[Opening GIVEN ENTRIES section]

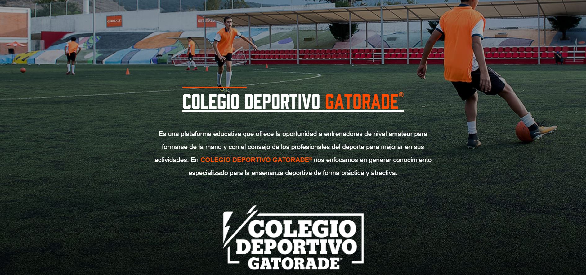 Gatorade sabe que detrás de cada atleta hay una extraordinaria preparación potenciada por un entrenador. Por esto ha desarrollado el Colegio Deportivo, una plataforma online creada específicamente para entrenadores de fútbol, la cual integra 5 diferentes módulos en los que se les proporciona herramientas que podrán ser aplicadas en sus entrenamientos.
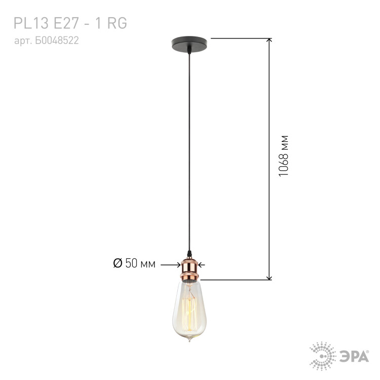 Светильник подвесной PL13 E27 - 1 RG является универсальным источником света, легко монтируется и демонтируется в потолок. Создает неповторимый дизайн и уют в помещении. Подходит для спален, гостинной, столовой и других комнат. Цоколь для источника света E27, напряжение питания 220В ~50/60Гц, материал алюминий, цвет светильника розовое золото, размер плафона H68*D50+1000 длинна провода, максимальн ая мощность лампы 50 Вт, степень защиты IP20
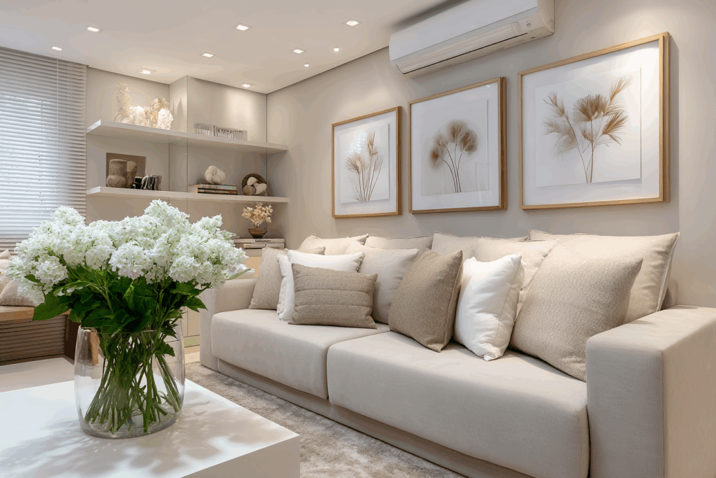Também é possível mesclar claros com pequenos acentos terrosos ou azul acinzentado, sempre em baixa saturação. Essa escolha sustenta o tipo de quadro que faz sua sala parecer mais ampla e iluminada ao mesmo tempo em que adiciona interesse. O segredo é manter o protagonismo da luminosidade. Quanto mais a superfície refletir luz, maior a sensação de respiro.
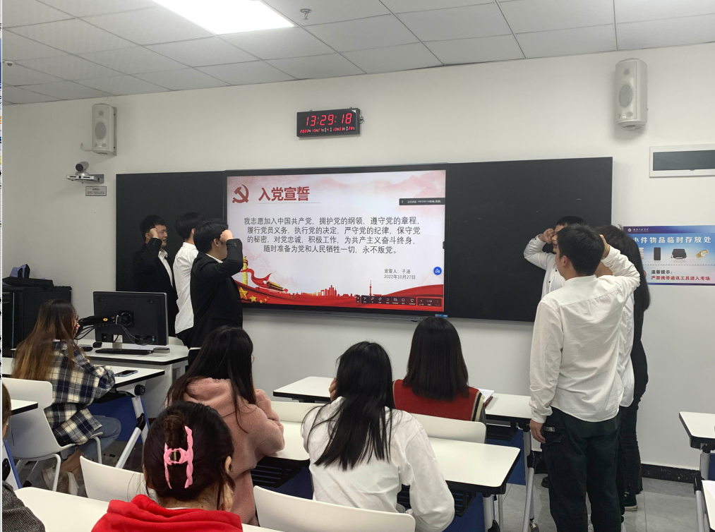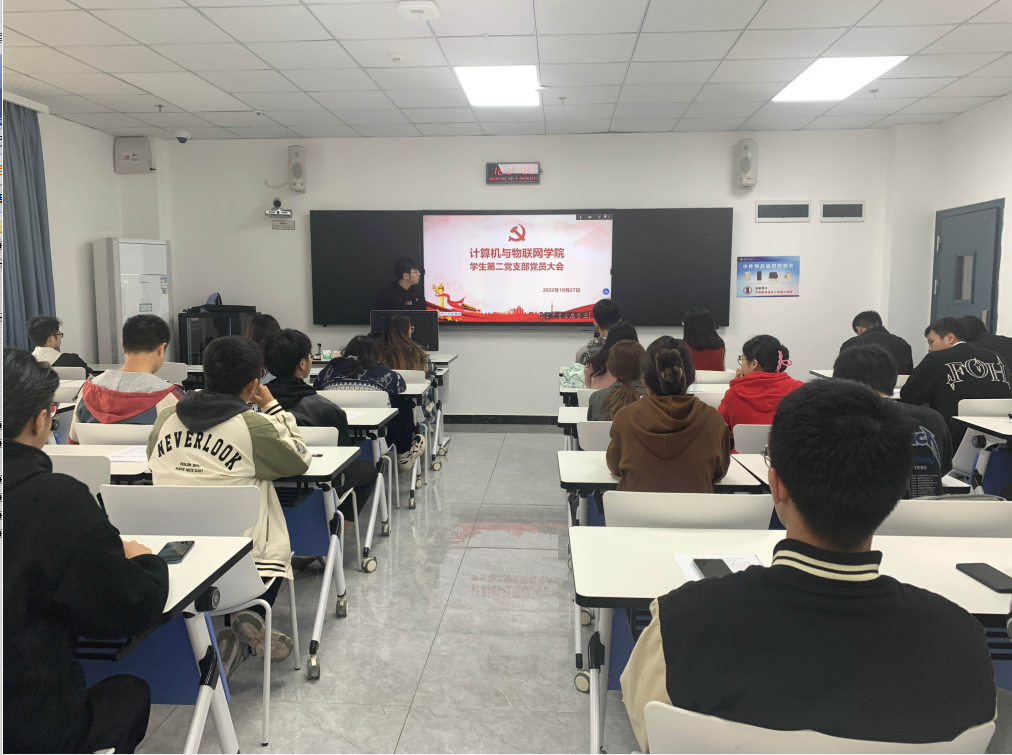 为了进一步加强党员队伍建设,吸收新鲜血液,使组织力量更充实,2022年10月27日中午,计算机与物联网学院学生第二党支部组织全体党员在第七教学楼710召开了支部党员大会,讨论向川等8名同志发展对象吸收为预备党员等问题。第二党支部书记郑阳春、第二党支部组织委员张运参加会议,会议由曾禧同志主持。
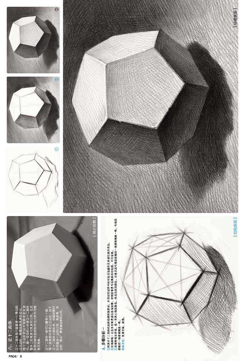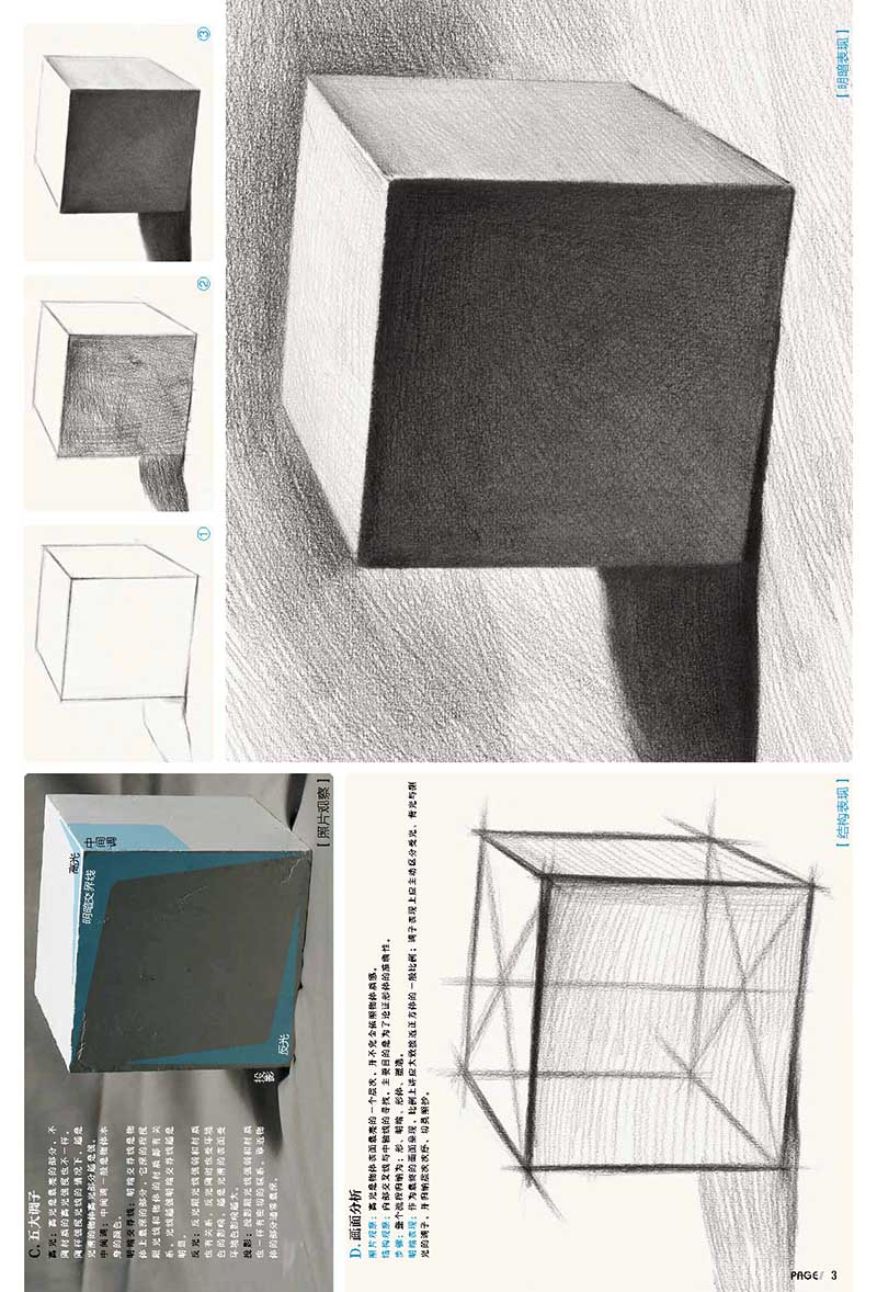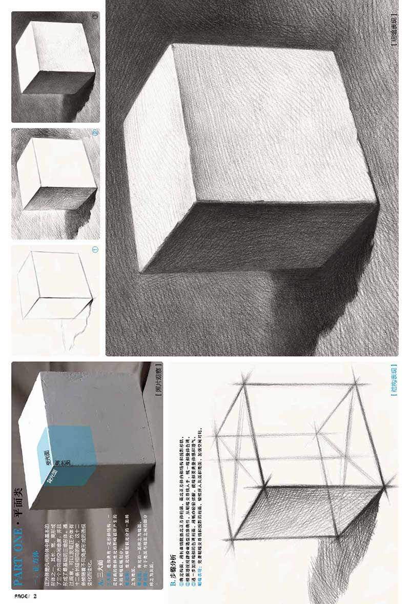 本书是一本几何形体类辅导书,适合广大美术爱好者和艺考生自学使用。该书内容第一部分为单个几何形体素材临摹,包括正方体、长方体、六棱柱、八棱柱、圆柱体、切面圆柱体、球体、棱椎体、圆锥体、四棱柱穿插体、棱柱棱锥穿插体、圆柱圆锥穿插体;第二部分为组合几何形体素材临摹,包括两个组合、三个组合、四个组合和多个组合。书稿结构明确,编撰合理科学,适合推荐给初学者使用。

[Closing GIVEN ENTRIES section]
[Opening GIVEN ENTRIES section]

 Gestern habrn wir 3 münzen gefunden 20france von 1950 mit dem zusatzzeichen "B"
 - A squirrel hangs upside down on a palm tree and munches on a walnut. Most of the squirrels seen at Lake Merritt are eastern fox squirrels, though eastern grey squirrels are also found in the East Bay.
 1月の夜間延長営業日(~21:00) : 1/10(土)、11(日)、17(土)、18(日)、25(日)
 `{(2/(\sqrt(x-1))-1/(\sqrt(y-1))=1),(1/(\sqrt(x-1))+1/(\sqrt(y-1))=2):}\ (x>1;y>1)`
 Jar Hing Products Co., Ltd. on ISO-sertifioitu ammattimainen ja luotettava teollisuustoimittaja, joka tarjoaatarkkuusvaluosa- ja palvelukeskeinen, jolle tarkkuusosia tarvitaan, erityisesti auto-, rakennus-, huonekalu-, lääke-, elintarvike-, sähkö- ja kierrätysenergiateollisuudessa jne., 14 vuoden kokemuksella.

[Closing GIVEN ENTRIES section]
[Opening GIVEN ENTRIES section]

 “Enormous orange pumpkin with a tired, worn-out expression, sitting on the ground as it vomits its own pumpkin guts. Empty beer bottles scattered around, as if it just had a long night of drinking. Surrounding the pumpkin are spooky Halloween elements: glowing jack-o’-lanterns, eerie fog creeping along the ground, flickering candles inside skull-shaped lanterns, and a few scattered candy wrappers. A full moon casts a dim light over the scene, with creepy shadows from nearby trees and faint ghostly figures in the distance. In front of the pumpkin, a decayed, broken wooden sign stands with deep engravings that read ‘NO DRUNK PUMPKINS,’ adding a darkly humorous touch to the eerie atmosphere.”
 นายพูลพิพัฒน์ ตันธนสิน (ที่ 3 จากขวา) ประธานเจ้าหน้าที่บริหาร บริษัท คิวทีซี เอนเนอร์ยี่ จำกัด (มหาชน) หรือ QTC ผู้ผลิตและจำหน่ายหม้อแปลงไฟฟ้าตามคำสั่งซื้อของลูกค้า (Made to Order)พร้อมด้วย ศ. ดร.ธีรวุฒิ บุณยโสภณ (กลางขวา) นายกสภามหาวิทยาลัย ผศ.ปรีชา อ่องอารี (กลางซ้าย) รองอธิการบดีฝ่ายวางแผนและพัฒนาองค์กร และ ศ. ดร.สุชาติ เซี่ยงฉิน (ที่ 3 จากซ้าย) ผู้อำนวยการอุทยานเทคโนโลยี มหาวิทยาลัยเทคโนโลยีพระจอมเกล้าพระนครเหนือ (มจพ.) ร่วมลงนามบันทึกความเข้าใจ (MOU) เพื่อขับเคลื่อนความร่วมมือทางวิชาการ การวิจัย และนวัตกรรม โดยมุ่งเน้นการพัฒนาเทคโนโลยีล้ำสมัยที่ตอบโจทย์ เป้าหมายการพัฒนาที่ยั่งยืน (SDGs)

[Closing GIVEN ENTRIES section]

Please print the lines above word for word, starting at the one with "为了进一步加强党员队伍建设,吸收新鲜血液" and ending at the one with "本书是一本几何形体类辅导书,适合广大美术", both included, and without any picture.

OUTPUT OF THE TASK |
 为了进一步加强党员队伍建设,吸收新鲜血液,使组织力量更充实,2022年10月27日中午,计算机与物联网学院学生第二党支部组织全体党员在第七教学楼710召开了支部党员大会,讨论向川等8名同志发展对象吸收为预备党员等问题。第二党支部书记郑阳春、第二党支部组织委员张运参加会议,会议由曾禧同志主持。
 本书是一本几何形体类辅导书,适合广大美术爱好者和艺考生自学使用。该书内容第一部分为单个几何形体素材临摹,包括正方体、长方体、六棱柱、八棱柱、圆柱体、切面圆柱体、球体、棱椎体、圆锥体、四棱柱穿插体、棱柱棱锥穿插体、圆柱圆锥穿插体;第二部分为组合几何形体素材临摹,包括两个组合、三个组合、四个组合和多个组合。书稿结构明确,编撰合理科学,适合推荐给初学者使用。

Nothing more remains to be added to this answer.